Felipe Calderón y Enrique Peña, responsables de las reformas estructurales en México. Foto: Henry Romero/Courtesy Reuters
Felipe Calderón y Enrique Peña, responsables de las reformas estructurales en México. Foto: Henry Romero/Courtesy Reuters

Francisco Bedolla Cancino*

Los impactos de la devastación provocada por el azote de las fuerzas de la naturaleza, con todo el dramatismo humano allí envuelto, han ocupado el primer plano del espacio y el quehacer mediáticos por más de una semana. Nada de extraño hay en tal hecho. Tampoco lo hay en las innumerables muestras de solidaridad ofrecidas por la población, tanto la que procede a través de las asociaciones como la que procede a título personal. Y otro tanto puede decirse en el momento presente de la mezquindad, la inoperancia y la frivolidad que han exhibido frente al drama humano connotados miembros de la alta burocracia gubernamental y de la clase política.

Y todavía menos llama a sorpresa, aunque sí a una enorme indignación, la corrupción desnudada por los desastres naturales en la promoción de las licitaciones supuestamente públicas y los pagos a las empresas que, al amparo de los contubernios con los funcionarios gubernamentales en turno, participaron fraudulentamente en la construcción de los puentes y caminos arrasados por las fuerzas de la naturaleza. Lo peor de todo ello, y tan severo como las fatalidades naturales, es que los más pobres de entre los más pobres terminan padeciendo las consecuencias del enriquecimiento ilícito de unos cuantos vivales que fingen, y no fungen, como servidores públicos y empresarios honestos.

Traer ahora a cuento el tema de la corrupción, ciertamente, no es para buscar el mérito a la innovación o la originalidad intelectual. Un ejercicio de remembranza a vuelapluma es más que suficiente para mostrar los ríos de tinta y las toneladas de papel que se han utilizado para aludir y documentar la cotidianidad y el pillaje típicos e inmemoriales practicados por las elites burocráticas y gubernamentales así como por las elites empresariales que se han enriquecido al amparo del poder. He aquí en pocas palabras la triste y célebre historia de un régimen político, el mexicano, que fatalmente se ha especializado en concentrar grandes fortunas en pocos y muy ricos empresarios, a la altura de las listas de la opulencia publicitadas por la revista Forbes, y en extender la pobreza en el grueso de la población.

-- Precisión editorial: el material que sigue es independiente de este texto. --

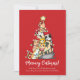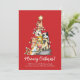 Envíe sus saludos navideños este año con este lindo diseño personalizado que presenta un adorable ilustracion de nueve gatos formando un árbol de Navidad con luces, una estrella en la parte superior y las palabras "¡Meowy Catmas!" sobre un fondo rojo. Personalízalo con tu(s) saludo(s) y nombre(s).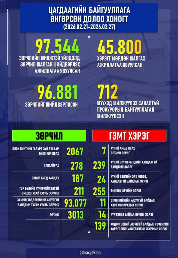 Цагдаагийн байгууллага өнгөрсөн 7 хоногт (2026 оны 02 дугаар сарын 21-ний өдрөөс 2026 оны 02 дугаар сарын 27-ны өдрүүдэд) 712 хэргийг “Шүүхэд шилжүүлэх саналтай” Прокурорын байгууллагад хүргүүлсэн. Үүнээс: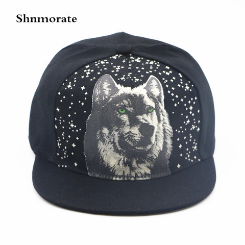 New Arrival Men Women Print WOLF Glow In The Dark Snapback Hats Adjustable Hip Hop Fluorescent Baseball Caps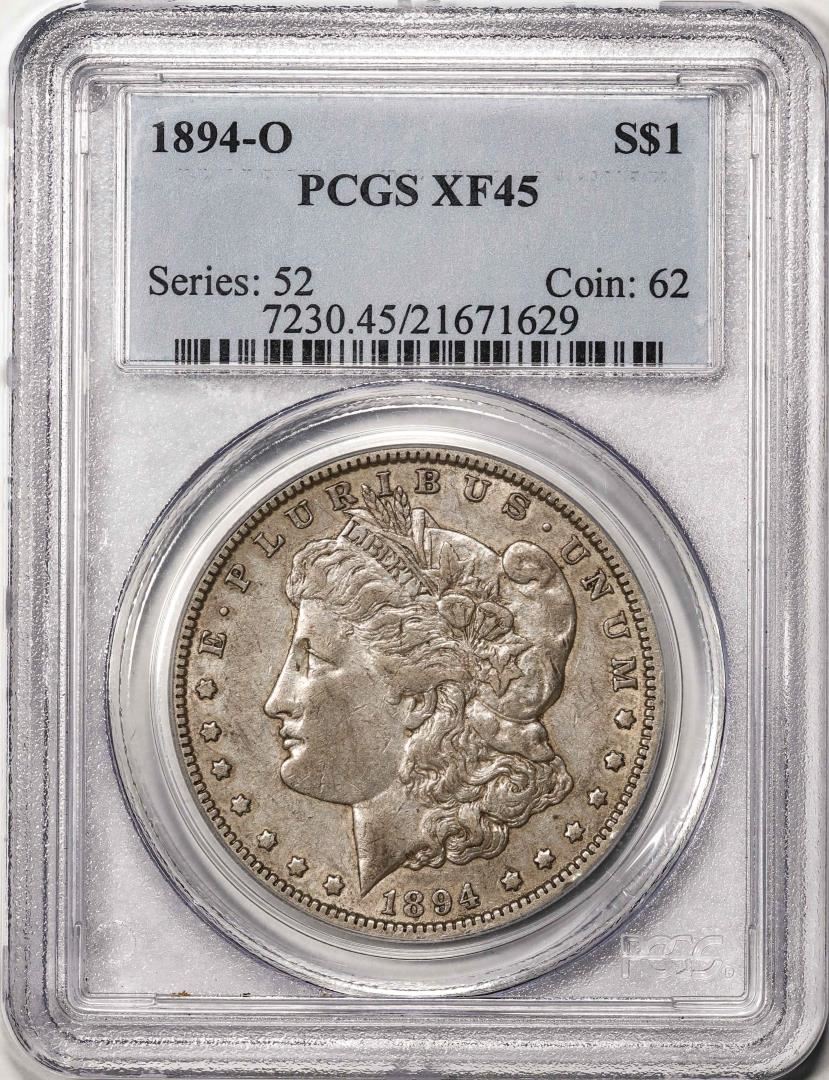 One 1894-O $1 Morgan Silver Dollar Coin PCGS XF45. PCGS Graded.

En el contexto del reformismo estructural apresurado impulsado por las burocracias partidistas coincidentes en el Pacto por México, más relevante que la sola mención a la corrupción es el hecho de colocarla de una vez por todas en el primerísimo lugar que, sobre los mejores ejercicios de diagnóstico y prospección científico-técnicas, le correspondería en una agenda político-gubernamental con genuino sentido público y, además, funcional a la promoción del desarrollo nacional. Contrario a tal situación, en el diagnóstico que sirve de base a las reformas estructurales en curso, la corrupción no recibió de parte de las elites partidistas, ni es esperable que lo haga, un tratamiento especial como problema público y estratégico ni mucho menos como condición de posibilidad necesaria para la buena marcha de la reformas laboral, educativa, energética, fiscal y político-electoral. La razón de dicha ceguera es simple de advertir: los perdedores netos en la implementación de una cruzada estatal contra la corrupción serían los ilustres miembros de la clase política nacional, hoy repartidos a lo largo y ancho de la geometría y la cromática político-partidista.

A consecuencia del recelo mostrado por la clase política en las temáticas cruciales de la transparencia, la rendición de cuentas y los mecanismos sancionatorios de la corrupción, la reforma energética se encuentra sumida en los claroscuros de la incertidumbre. La información y los argumentos vertidos sobre el estatus financiero y laboral de PEMEX así como las estimaciones sobre los yacimientos de los hidrocarburos apuntan con igual fuerza en ambas direcciones. La izquierda partidista y la izquierda social insisten en su tesis de que PEMEX es una empresa rentable y de que no hay necesidad de hacer concesiones privatizadoras, mientras que la coalición del PRI y el PAN insiste en que PEMEX es una organización decrépita y cada vez menos rentable, de cara a la extinción de los yacimientos de fácil acceso, lo que torna imperativa la adopción de una estrategia como la contenida en la iniciativa de reforma que se encuentra en estudio.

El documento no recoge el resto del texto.